#### [Work required]
Exact copy, no pictures: return only the lines below from the line with "Keep your kiddo’s" up to and including the line with "anzeigen | |".

Collection entries
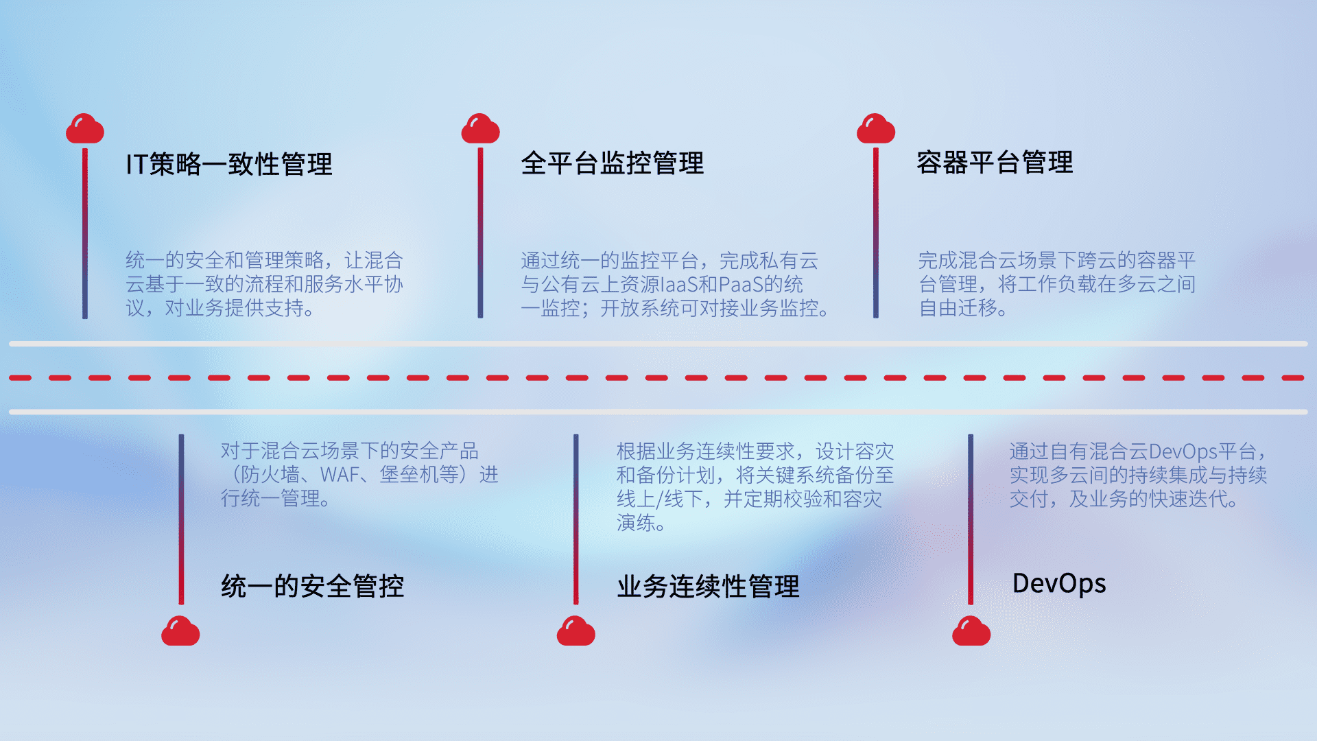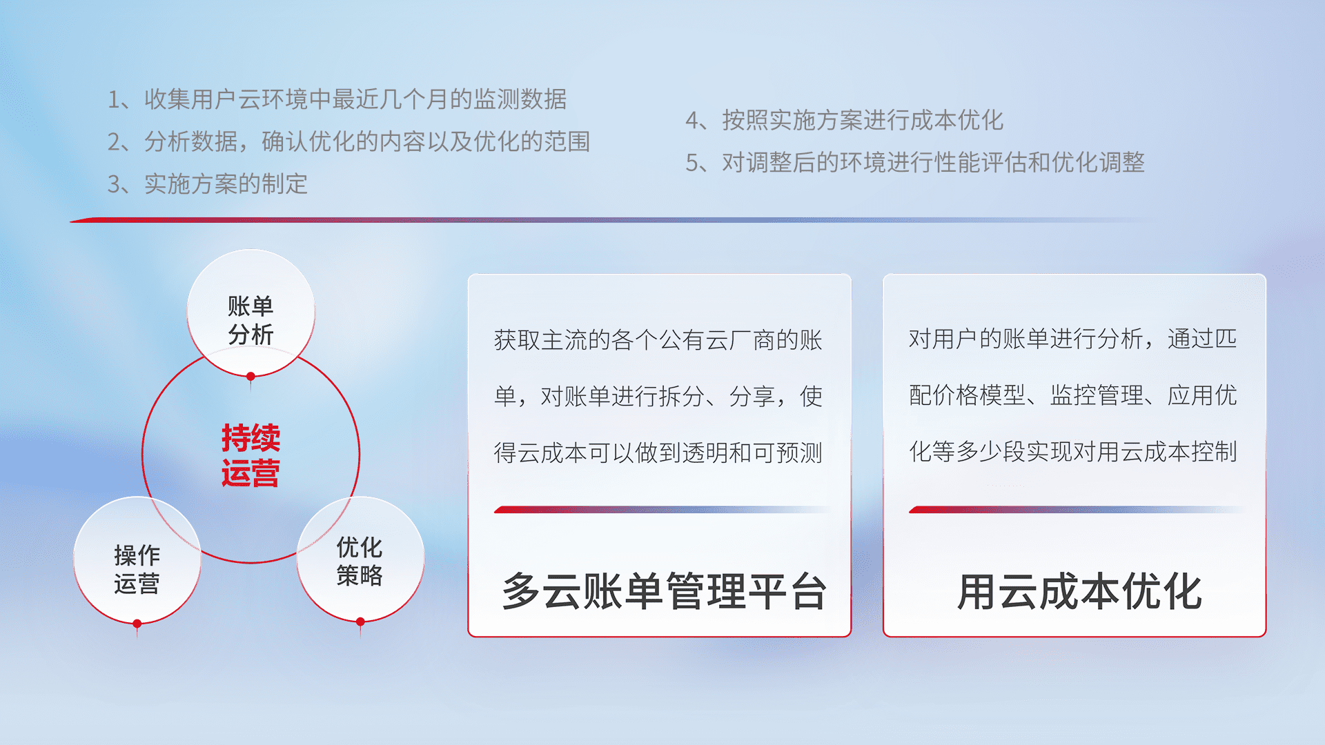通过多云纳管,,,,以统一的资源数据模型把客户的云资源进行抽象和封装,,,进而实现对多云资源的统一操作,,,保障云资源管理的可靠性、、、、稳定性与可用性。。。。量身定制化运维内容,,,配置、、开发运维、、、补丁管理、、、、备份、、、、监控、、、、认证和访问管理、、审计和日常巡检等,,,,保障在用云过程中的可靠度,,,,稳定度以及高可用率。。。。
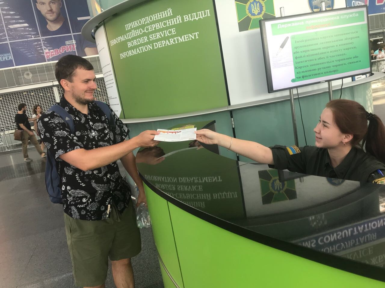 Ukrainian border guards distribute leaflets warning travelers about risks to become victims of traffickers as part of awareness-raising campaign supported by the OSCE Project Co-ordinator. 30 July 2018
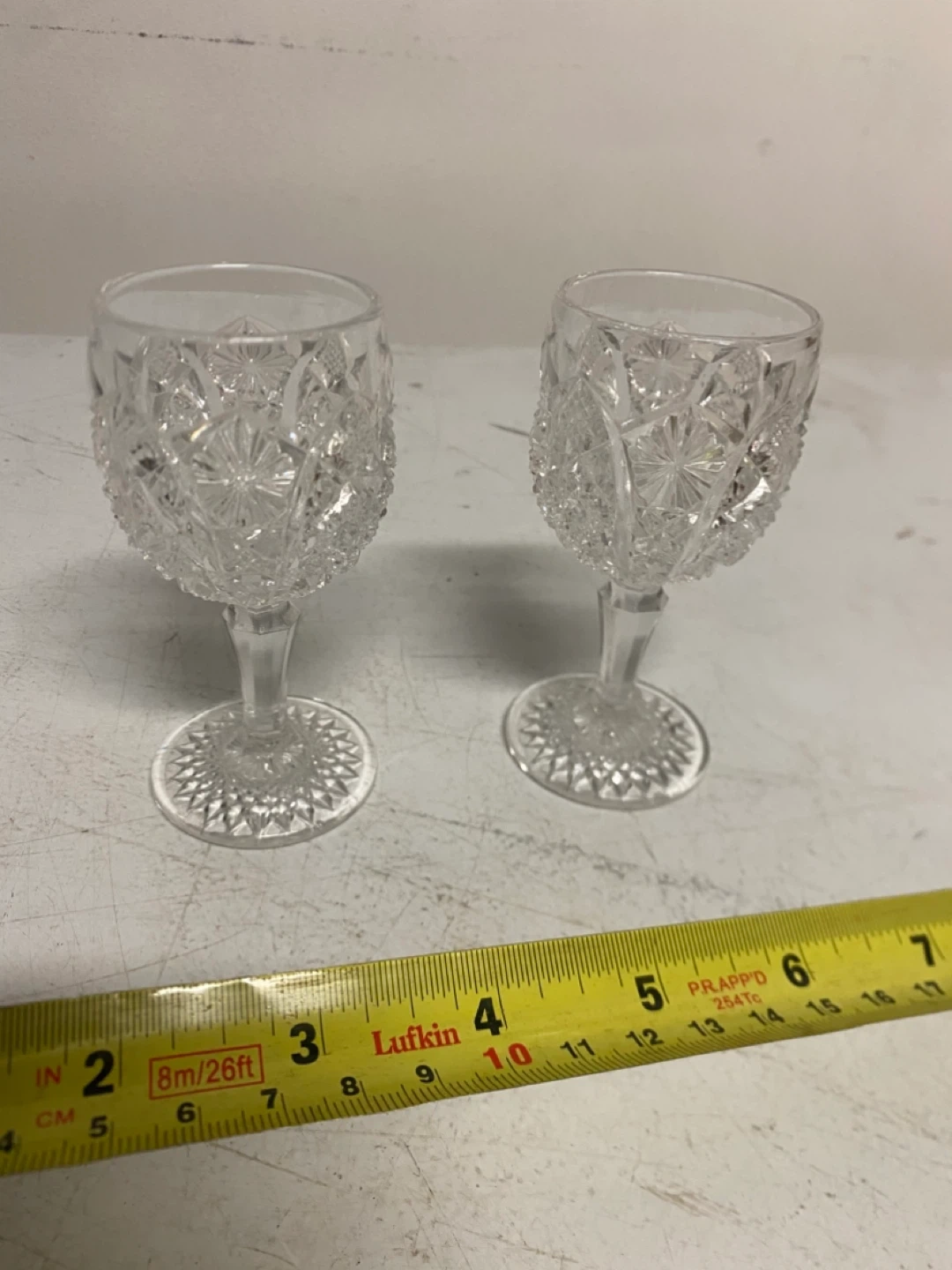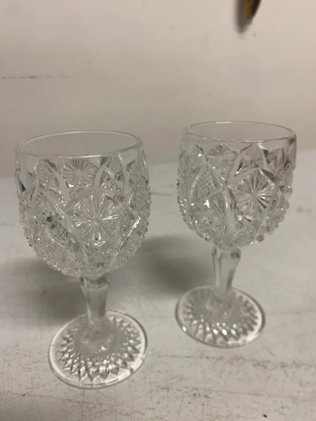 Selling a set of two vintage cut crystal cordial glasses. They have a beautiful, intricate design and would be a lovely addition to any home bar or collection. They are in great condition, with no chips or cracks!
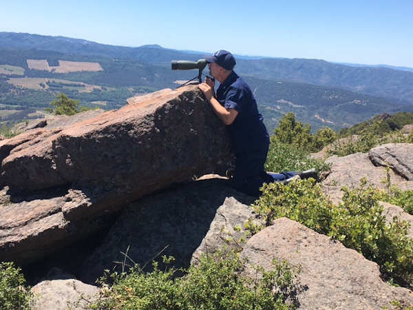 On May 25, Kealey with his son, Nash, a member of the Navy Seabees Reserve to assist him, helper Nikki and Flotilla Public Affairs Officer Dorothy De Lope, drove up Mount Konocti to set up the equipment needed adjacent to the fire watch tower located there.
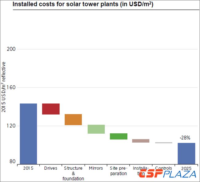 IRENA做了测算,关于太阳岛每平方米当中的成本计算。IRENA发现,槽式技术上,更大的开口宽度和熔盐传热介质,可以降低23%的太阳岛成本。塔式也是非常类似,尤其在新的能源技术项下,通过开发新型驱动和更有效地控制,太阳岛成本可以降低28%。不管是技术的沿革还是管理创新,都可以将成本进一步地降低,如果太阳岛的成本降低,电站毫无疑问可以更好地提升自己的效率,降低电站总体成本。
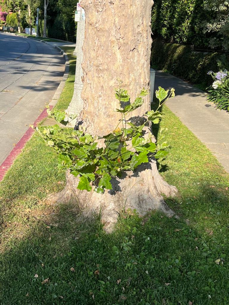 Tree suckers are miniature tree-looking shoots at the bottom of your tree’s trunk; they can sprout if your tree is stressed and is exerting energy to grow more branches. When you first see tree suckers developing, it’s important to remove suckers and sprouts. If you leave tree suckers to continue to grow on the tree, it can stunt the growth of healthy roots. Please tell your gardener to remove them!
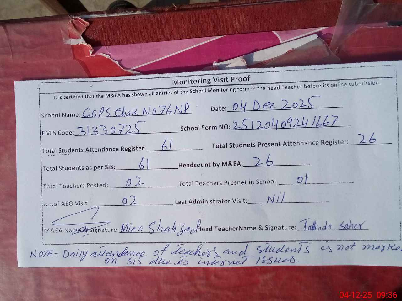| EMIS Code: 31330725 | Name of School: GGPS CHAK NO.76/NP | |||
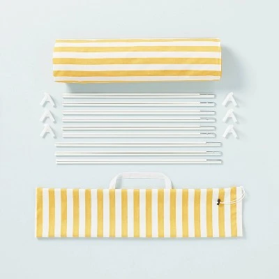 Keep your kiddo’s outdoor playtime fun and exciting with this Stargazing Play Tent from Hearth & Hand™ with Magnolia. Set on a fiberglass frame, this playhouse is designed as a play tent and showcases a white and yellow stripe pattern. Featuring a large entrance at the front with ties to give the option of leaving it open or closed, the stargazing tent offers them a soft spot for sitting comfort.
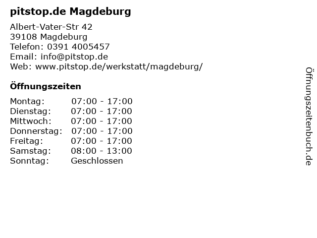 | Öffnungszeiten pitstop.de Magdeburg in Magdeburg anzeigen | |
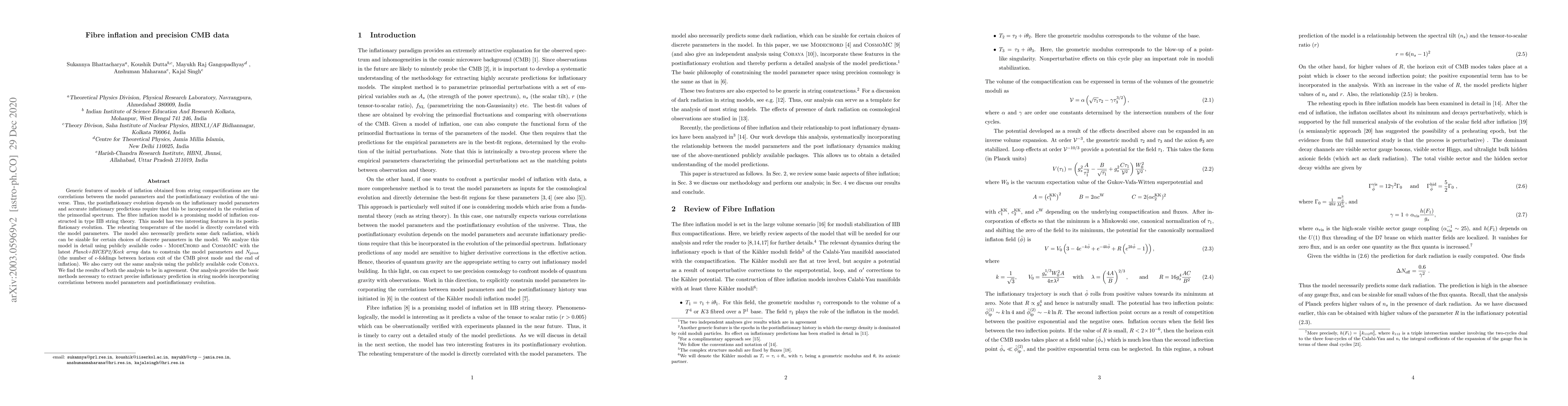 Generic features of models of inflation obtained from string compactifications are the correlations between the model parameters and the postinflationary evolution of the universe. Thus, the postinflationary evolution depends on the inflationary model parameters and accurate inflationary predictions require that this be incorporated in the evolution of the primordial spectrum. The fibre inflation model is a promising model of inflation constructed in type IIB string theory. This model has two interesting features in its postinflationary evolution. The reheating temperature of the model is directly correlated with the model parameters. The model also necessarily predicts some dark radiation, which can be sizable for certain choices of discrete parameters in the model. We analyze this model in detail using publicly available codes - ModeChord and CosmoMC with the latest Planck+BICEP2/Keck array data to constrain the model parameters and $N_{\rm pivot}$ (the number of $e$-foldings between horizon exit of the CMB pivot mode and the end of inflation). We also carry out the same analysis using the publicly available code Cobaya. We find the results of both the analysis to be in agreement. Our analysis provides the basic methods necessary to extract precise inflationary prediction in string models incorporating correlations between model parameters and postinflationary evolution.
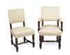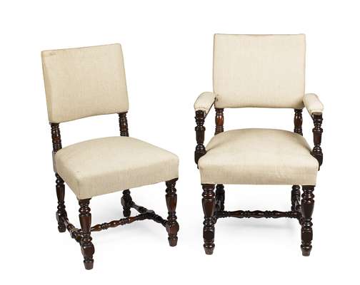 including two armchairs, covered in beige fabric, raised on turned legs united by H shaped stretchers (14)
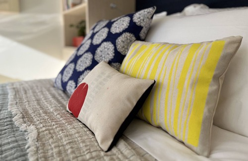A large three panel slider opens to turn the entire suite into an indoor/outdoor space. It is a perfect spot to enjoy your morning cappuccino while you look out to the private south patio garden. The kitchenette has a Delonghi Espresso Machine, a hot water kettle by Fellow, a small microwave and small refrigerator stocked with sparkling water. Lavazza espresso, local teas and snacks are also complimentary. The full bath is clad in deep blue artisan tile. The heated stone tile floor makes the morning even more comfortable.
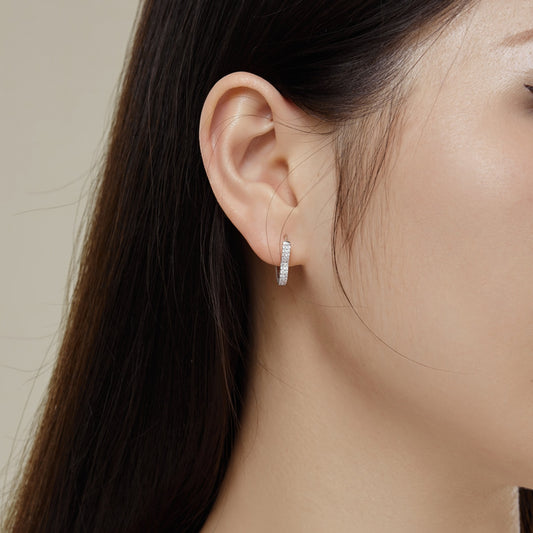Princess Cut Square Rhodium-Plated Stud Earrings
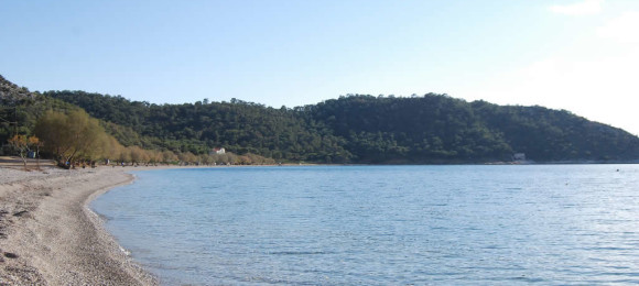 A remote yet organized beach. In order to reach it, you cross the beautiful forest at the region of Kanakia.
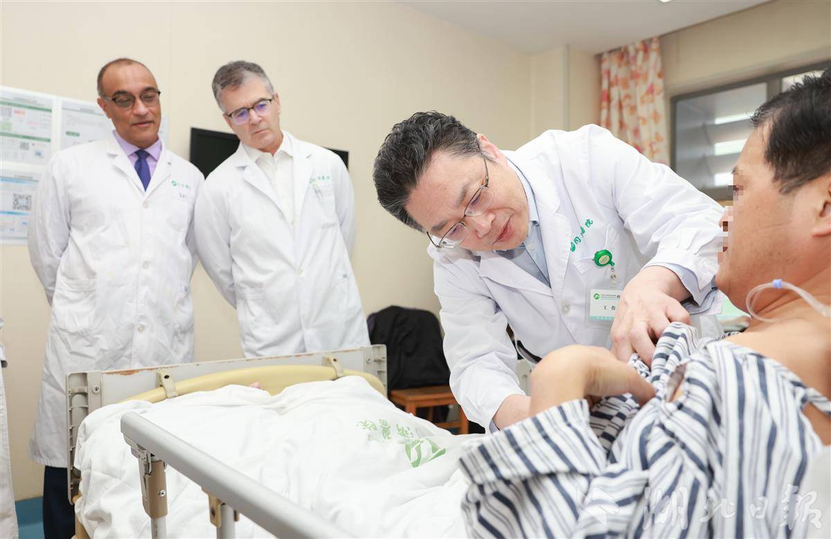 克利夫兰医学中心专家在同济医院病房观摩魏翔教授(右二)为患者查房。(通讯员 陆安迪 齐剑东 摄)

#### [Task answer]
 Keep your kiddo’s outdoor playtime fun and exciting with this Stargazing Play Tent from Hearth & Hand™ with Magnolia. Set on a fiberglass frame, this playhouse is designed as a play tent and showcases a white and yellow stripe pattern. Featuring a large entrance at the front with ties to give the option of leaving it open or closed, the stargazing tent offers them a soft spot for sitting comfort.
 | Öffnungszeiten pitstop.de Magdeburg in Magdeburg anzeigen | |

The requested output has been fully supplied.